The mother of an injured eighth grader in School 3 says her son missed almost a month of school after the school refused to offer accommodations to her 13-year-old son.
Edwardo Umpierre Jr., the eighth grader, ostensibly recovered from a previous ankle fracture, only to learn, following another injury that his ankle never healed. “A kid ran into him and he hit his head on the basketball court,” said Milagros Rodriguez, the mother, explaining her son’s injury that rendered him feeble.
Umpierre could not attend school with the return of his injuries. “He was put on brace to go to school but he couldn’t put too much pressure on the foot,” said Rodriguez. “He has to keep that leg elevated. They put a cast on his leg.”
Her son’s doctor required that the child’s leg remain elevated, so she requested a beside teacher, something she had successfully requested and obtained last school year for the same child over another injury, but this time it was different.
Rodriguez said she submitted the necessary medical documents to the school, but the school continued to ask for additional documents. “I’ve been sending, my doctor’s office has been sending paperwork, and everything they ask for they’ve been getting,” said Rodriguez.
“We have explained to the mom that her physician’s paperwork (submitted by her in September) did not meet the criteria for receiving bedside instruction,” said Terry Corallo, spokesperson for the district. “Please note that the district also has doctors assigned to specific schools and they must authorize such placement; they too agreed that this was not the proper course of action.”
Although Umpierre did not qualify for bedside, he was still barred from attending the school, said Rodriguez. The administration at the school would not allow Umpierre into the school because, Rodriguez said, he was a labeled as a “liability” by the school’s vice-principal. She said a voicemail corroborates the veracity of her statement.
“We had offered his mother several accommodations in order to continue with the daily education of her son,” said Corallo. “But these were initially declined.”
Corallo said the district also offered to handle all the necessary medical paperwork, but the mother refused to provide needed permission. Rodriguez said she refused to grant the school access to her son’s entire medical history because she provided all the paperwork that was requested.
“They want him to walk in clutches to the school and then even the school doesn’t want him in school,” said Rodriguez.
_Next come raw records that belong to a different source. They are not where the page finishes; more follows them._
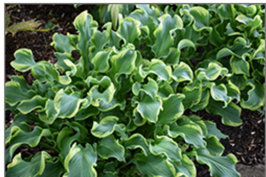
Shadowland Wheee! Hosta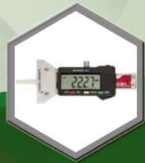
Digital Tyre Depth Gauge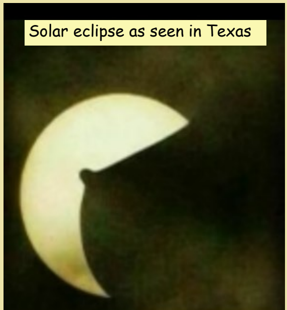
Solar eclipse as seen in Texas

The mother said since September 11th, 2014, her son has been staying home because he is unable to attend school.
“No child should be out of school, go without school instruction, for a month under any circumstance,” said Jonathan Hodges, school board member. “I’m very disappointed to hear they couldn’t have reached an accommodation with this child that was reasonable for both the child and the school system.”
Hodges said to resolve an issue such as this should not jeopardize the education of a child for more than a month. “This cannot be the process,” said Hodges. “I have to alert the district this has occurred so this doesn’t happen to anybody else.”
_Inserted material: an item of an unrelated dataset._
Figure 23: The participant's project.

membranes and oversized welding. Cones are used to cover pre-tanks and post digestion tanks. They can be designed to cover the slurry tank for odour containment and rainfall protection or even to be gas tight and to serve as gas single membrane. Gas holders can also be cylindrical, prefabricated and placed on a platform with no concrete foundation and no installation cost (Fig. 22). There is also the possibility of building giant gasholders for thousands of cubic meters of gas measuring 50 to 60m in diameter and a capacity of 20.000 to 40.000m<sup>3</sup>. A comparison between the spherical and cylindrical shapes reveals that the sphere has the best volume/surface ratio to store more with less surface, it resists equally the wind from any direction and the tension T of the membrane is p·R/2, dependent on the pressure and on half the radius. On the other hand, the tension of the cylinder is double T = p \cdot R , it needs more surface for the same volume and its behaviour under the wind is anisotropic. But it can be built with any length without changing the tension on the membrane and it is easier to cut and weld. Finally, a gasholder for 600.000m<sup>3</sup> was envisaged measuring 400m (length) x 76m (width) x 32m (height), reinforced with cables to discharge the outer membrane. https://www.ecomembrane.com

Rodriguez reached out to this paper on Wednesday after receiving the “run-around” from school staff and even district officials. She said she attempted to reach higher-ups, but each time faced a voicemail.
After many phone calls, Rodriguez got in touch with assistant superintendent Maria Santa, who managed to sort out the issue by Friday afternoon. “She took care of it and finally he’s going to another school with transportation,” said Rodriguez. The mother said she initially attempted to contact Santa, but without success.
Umpierre has been transferred to the New Roberto Clemente School, where he will be picked-up from home and dropped off to school. “It is our goal to have this student return to class so we are now making arrangements (with the mom’s approval) to have him transferred to another school that has an elevator,” said Corallo.
In cast and clutches, he will be able to use the school’s elevator to get himself from one class to the next.
Although Rodriguez’s issue has been resolved, the ill manner in which she was treated by school staff lingers. “I no longer set foot in that school. I felt that they treated me wrong. I felt unwelcome,” said Rodriguez. “The way they treated me, you don’t treat parents like that because they are concerned about their child’s education.”